The use of the X was strategic. As OII Australia explains on its Web site, X has been available since 1945 to help international organizations such as the Red Cross resettle refugees and concentration camp survivors of World War II who had no identifying documents or whose documents had been destroyed during the war. “X was made an allowable designator in view of the difficulties resettlement aid workers had with unfamiliar names and the sex usually associated with them,” OII states. “We are legally able to take advantage of this facility despite the originators not having quite the same objectives in mind as we do.”
In 2003, an intersex Australian resident revived the X when he fought for the right to it as a sex designation through Australia’s Administrative Appeals Tribunal. However, few people were able to obtain an X under the former Australian legislation. This is because applicants had to have had sex “not specified” noted on their birth certificate. There was only one Australian state that allowed this, and then only for people whose intersex variation was referenced at birth – something that few doctors do.
The new X policy requires applicants to provide a doctor’s letter, a provision OII Australia lobbied against. “Unfortunately, they kept coming up with the term ‘disorders of sex development,’ which made them conclude that medical involvement was necessary,” Wilson said in an interview.
The term was adopted as a result of a medical conference in 2005 where a paper urged doctors to use it to replace our former labels. By 2006, it had spread throughout the global medical community, despite controversy. Many, including all of OII’s members, oppose the label because it is pathologizing and implies a condition in need of repair, although intersex variations do not, in the majority of cases, pose health risks that require medical treatment.

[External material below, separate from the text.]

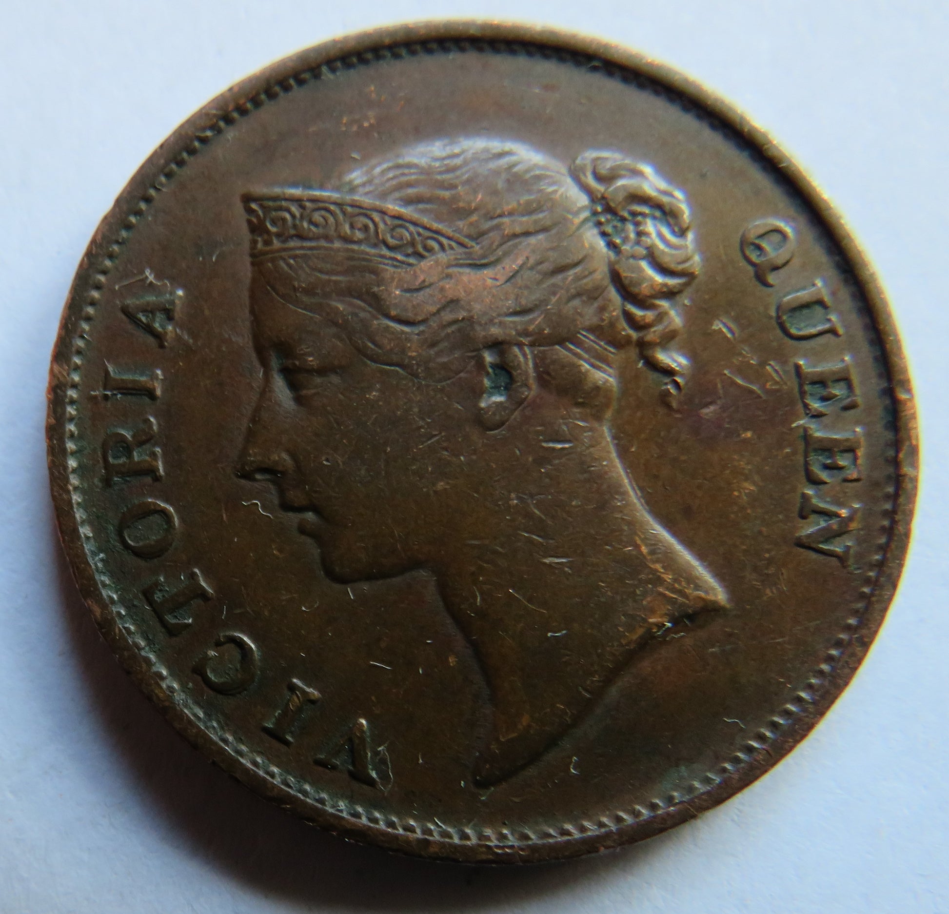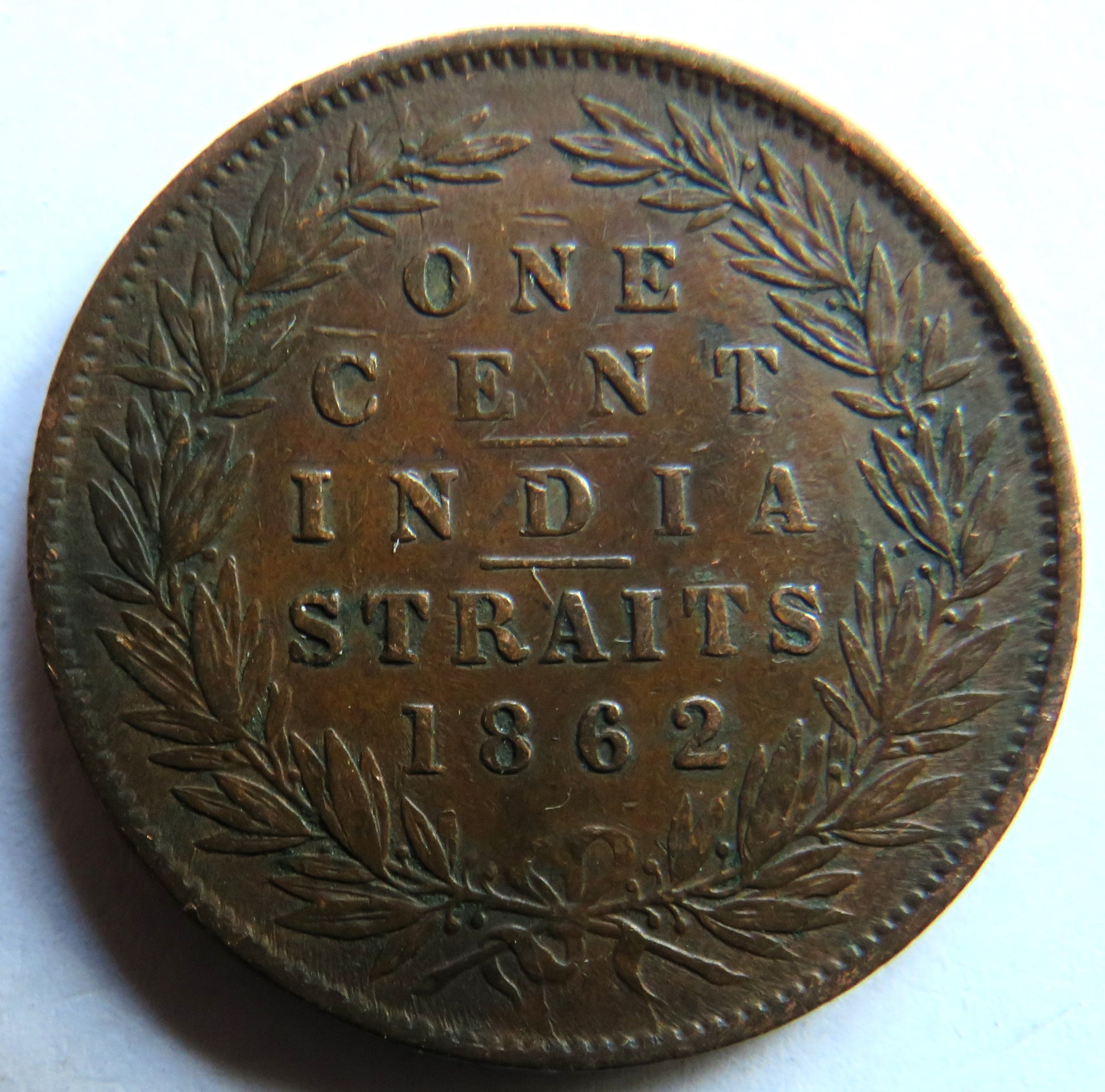 1862 Queen Victoria India Straits Settlements One Cent Coin

“I . . . urge other states around the world to review their own laws, policies and practices to ensure that discrimination against transgender and intersex individuals is addressed in a systematic and effective way,” said Pillay, of the U.N., in an interview with the Sydney Morning Herald.

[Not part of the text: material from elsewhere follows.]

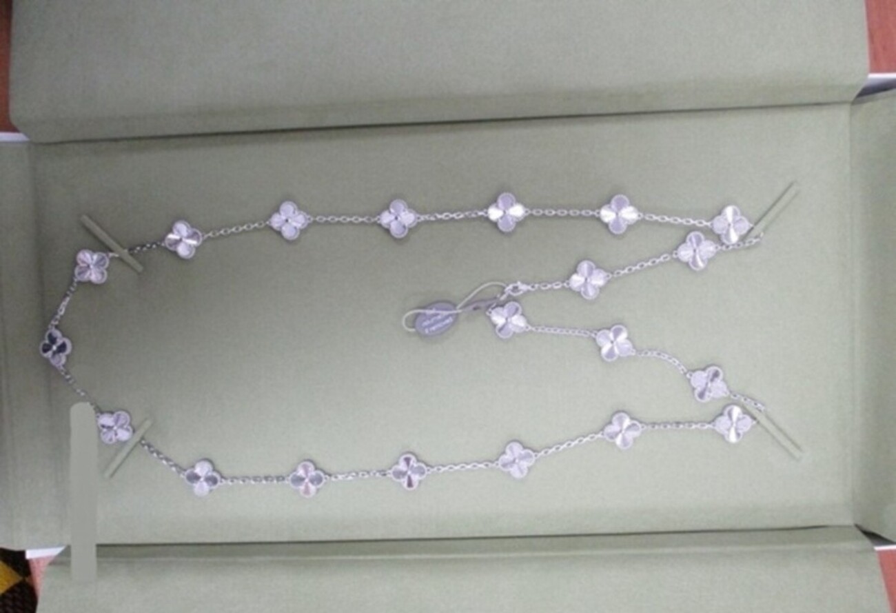 Однако при прохождении таможенного контроля при помощи рентгентехники в рюкзаке женщины обнаружили серьги и колье в виде четырехлистного клевера с гравировкой Van Cleef. Украшения находились в фирменных футлярах и коробках зеленого цвета.

The U.K. is considering abolishing all sex designators for passport holders. “The U.K. Government is totally committed to creating a society that is fair to everyone,” said Lynn Featherstone, a minister in the Home Office.

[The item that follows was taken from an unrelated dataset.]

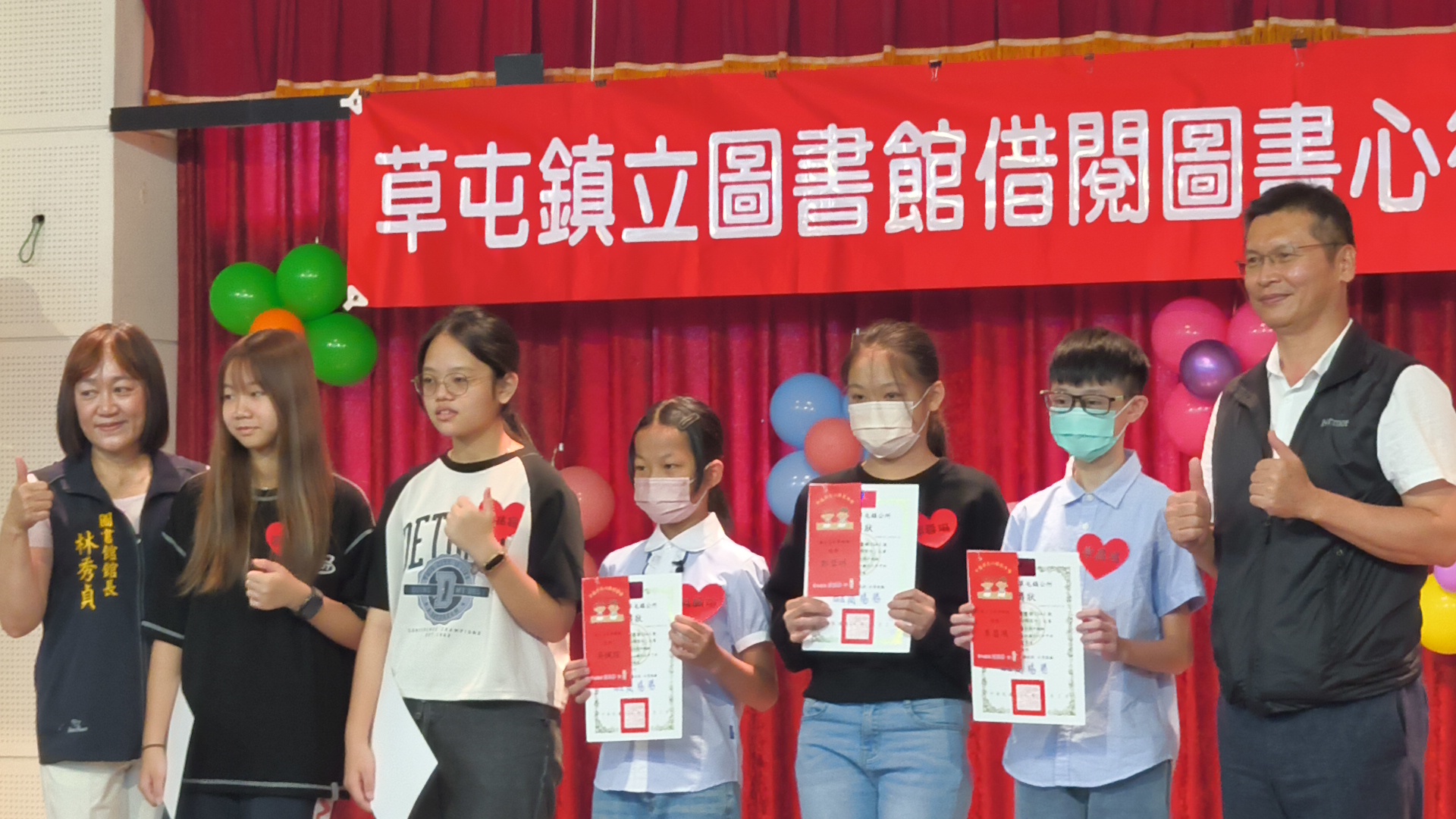南投縣草屯鎮公所圖書館每年辦理2次借閱圖書心得寫作比賽,歷年來鎮內各級國中小老師全力支持,用心指導學生,踴躍參加投稿, 成績優勝學生及各組前三名指導老師頒獎典禮,頒發禮券及獎狀予以勉勵

We shall soon see whether the U.S. shares this commitment. Morgan, a member of OII Australia and the second recipient of the X under the new policy (who did not want his last name published), has contacted the U.S. State Department to request a visa with his X because the online application forms list only M or F. He is awaiting a response.
Hida Viloria is chairperson of the Organisation Intersex International (OII), the world’s largest intersex organization. She writes and lectures extensively on intersex issues. Her Web site is www.hidaviloria.com.